Four stages, one workflow file plus one Python script.

PR opened/updated
GitHub Actions trigger (pull_request)
fetch diff  ──▶  call Anthropic API  ──▶  parse structured findings
                                  post inline review via GitHub API

The script does the work; the workflow handles triggering, checkout, secrets, and permissions. Keeping logic in Python rather than inline YAML means you can test it locally and the workflow file stays readable.

The Workflow File

Start with the GitHub Actions definition. The two settings that matter most are the trigger and the permissions block.

# .github/workflows/ai-review.yml
name: AI Code Review

on:
  pull_request:
    types: [opened, synchronize, reopened]

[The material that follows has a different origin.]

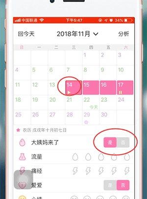 ・选择上次经期时间,在下方【大姨妈来了】选择【否】

# Least privilege: the job can read code and write PR comments, nothing else.
permissions:
  contents: read
  pull-requests: write

concurrency:
  # Cancel a stale review run when the PR is updated again.
  group: ai-review-${{ github.event.pull_request.number }}
  cancel-in-progress: true

jobs:
  review:
    runs-on: ubuntu-24.04
    # Skip drafts and bot-authored PRs to save tokens.
    if: github.event.pull_request.draft == false
    steps:
      - name: Checkout
        uses: actions/checkout@v4
        with:
          fetch-depth: 0  # need full history to compute the diff

      - name: Set up Python
        uses: actions/setup-python@v5
        with:
          python-version: "3.12"

      - name: Install dependencies
        run: pip install anthropic==0.45.2

      - name: Run AI review
        env:
          ANTHROPIC_API_KEY: ${{ secrets.ANTHROPIC_API_KEY }}
          GITHUB_TOKEN: ${{ secrets.GITHUB_TOKEN }}
          PR_NUMBER: ${{ github.event.pull_request.number }}
          REPO: ${{ github.repository }}
          BASE_SHA: ${{ github.event.pull_request.base.sha }}
          HEAD_SHA: ${{ github.event.pull_request.head.sha }}
        run: python .github/scripts/ai_review.py

fetch-depth: 0 is required — without full history the runner can’t diff base.sha against head.sha. The concurrency block cancels an in-flight review when someone pushes again, so you never pay for a review of stale code. The GitHub Actions permissions docs explain why the explicit permissions block beats the default token scope.

Extracting the Diff

The script’s first job is producing a clean diff. We shell out to git, then filter — skip lockfiles, generated files, and anything too large to review meaningfully.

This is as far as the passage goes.